Our open-source registry currently tracks over 1.7 million collected SKILL.md configurations and system prompts. By compiling agent configurations from active developers on GitHub, we bridge the gap between prompt engineering research and production execution. Whether you are building agents with Anthropic's Claude Code, OpenAI's GPT-4, Google's Gemini, or local models using Ollama and LlamaIndex, standardized skill definitions ensure your agents behave predictably across different runtime environments.

What is the Model Context Protocol (MCP)?

The Model Context Protocol (MCP) is an open-source standard designed to connect LLMs to data sources, developer tools, and external environments. MCP establishes a bidirectional communication channel between client applications (like Cursor, Claude Desktop, or custom agent systems) and servers hosting data or capabilities. Standardizing instructions via SKILL.md enables LLMs to query databases, read local files, execute terminal commands, and integrate third-party APIs. SkillMD allows you to find ready-to-run MCP servers and prompt instructions for various occupations and technical tasks.

The Structure of a Professional SKILL.md File

A valid SKILL.md configuration is designed to be easily read by humans and parsed by LLMs. It contains precise system instructions, trigger conditions, required parameters, and execution examples. Below is the typical architectural blueprint of a professional agent skill:

  • Metadata & Core Scope: Declares the name of the skill, author details, target models, and a description of the capability.
  • Triggers & Intent Detection: Details semantic triggers that help the agent decide when to invoke this skill.
  • System Prompts: Explicit system-level instructions that direct the agent's behavior, personality, safety guardrails, and formatting preferences.
  • Capabilities & Tools: Lists the files, databases, or APIs the agent must access to complete the tasks.
  • Few-Shot Examples: Demonstrates real inputs and outputs, helping the model generalize behavior through in-context learning.

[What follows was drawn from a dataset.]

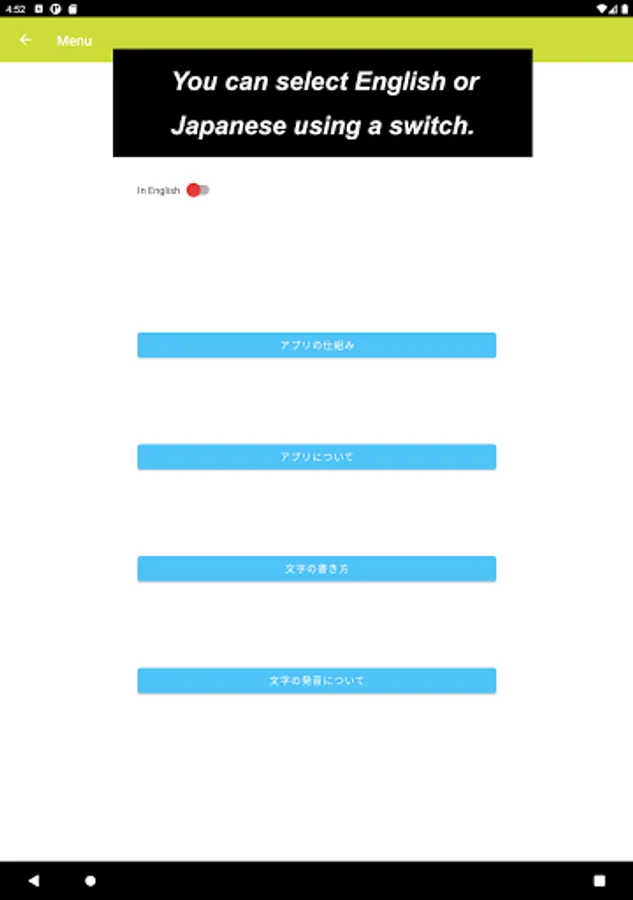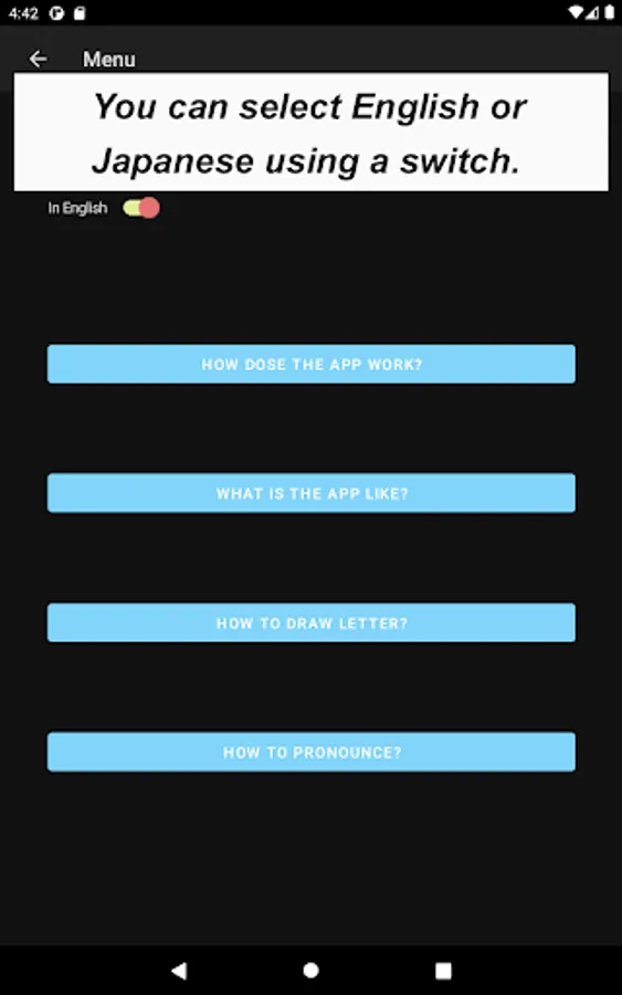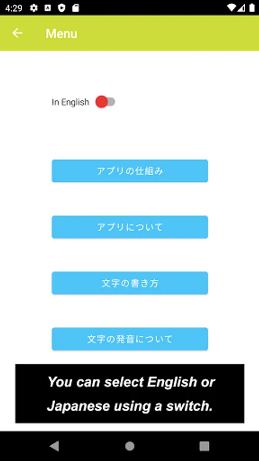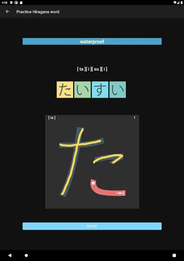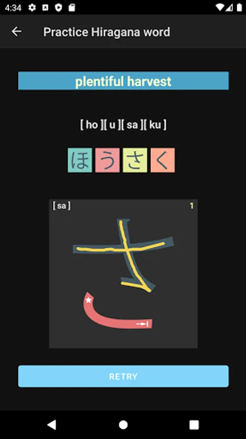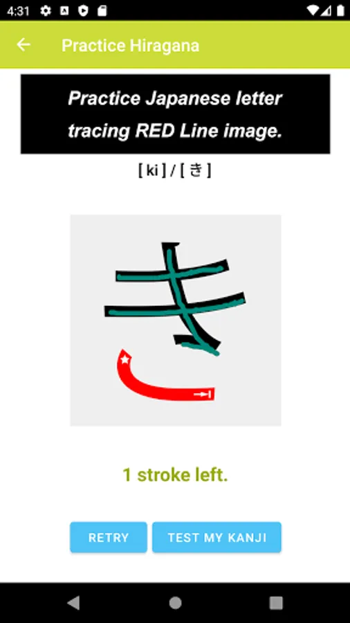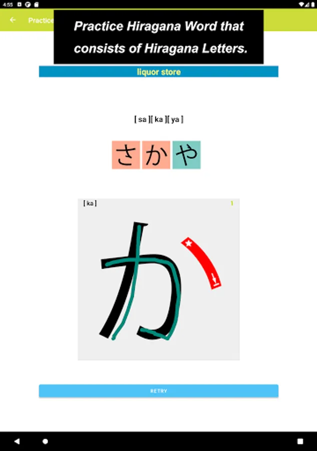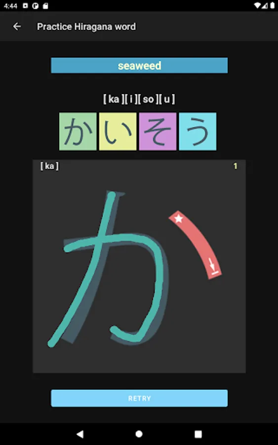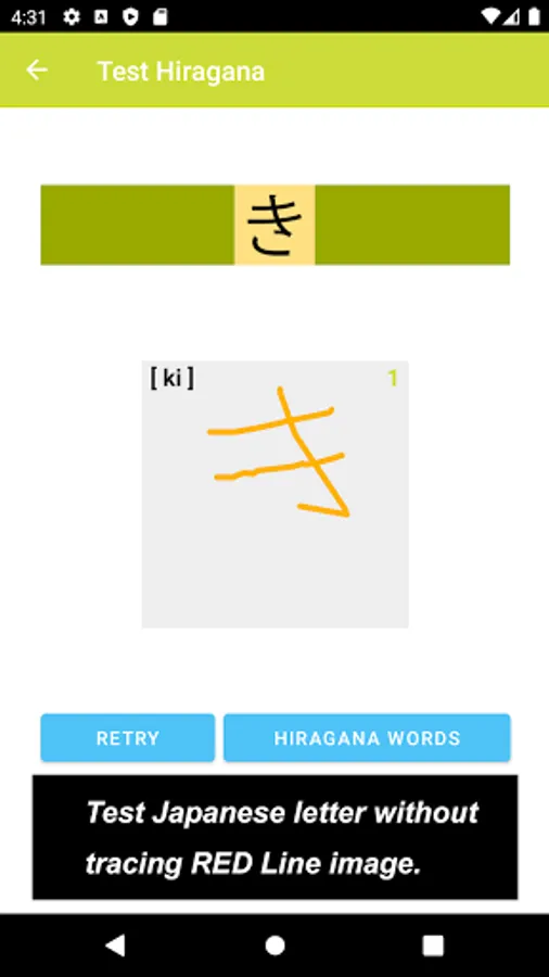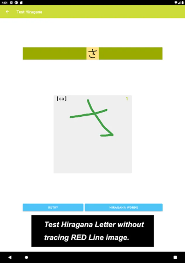 What you would see in this app is a list of Hiragana letters. If you tap one of those letters, you can practice how to draw its letter.

Optimizing Agent Workflows for Modern LLMs

Writing effective agent skills requires deep knowledge of prompt engineering. With the release of advanced reasoning models like Claude 3.5 Sonnet, ChatGPT o1, and DeepSeek-V3, prompt templates must focus on structured thinking. Developers are encouraged to use XML tags (e.g., <thought>, <context>, and <rules>) to isolate execution boundaries. Standardized prompts prevent agents from suffering from context drift, ensuring that long-running tasks remain aligned with the initial system parameters.

Exploring by SOC Occupations and Creator Profiles

What makes SkillMD unique is its taxonomy. Instead of simple text search, we parse and organize files according to the Standard Occupational Classification (SOC) system. This means you can discover skills written for Computer and Mathematical roles, Business and Financial operations, Legal, Design, and and Educational Instruction fields. By tracking creator profiles, developers can study how different teams organize their custom instructions, compare version updates, and fork public configs for specialized enterprise use cases.

SkillMD operates as a high-performance index running on a fast Go backend and a highly responsive Astro SSR frontend. All search queries execute in milliseconds, featuring smart debouncing to prevent multiple API requests while keeping user data secure. Join our community of developers to standardize your AI agent instructions and optimize your LLM prompting workflows today.

8 QUESTIONS

Frequently Asked Questions

A practical guide to agent skills: what they are, how to inspect them, and how SkillMD helps you explore the ecosystem.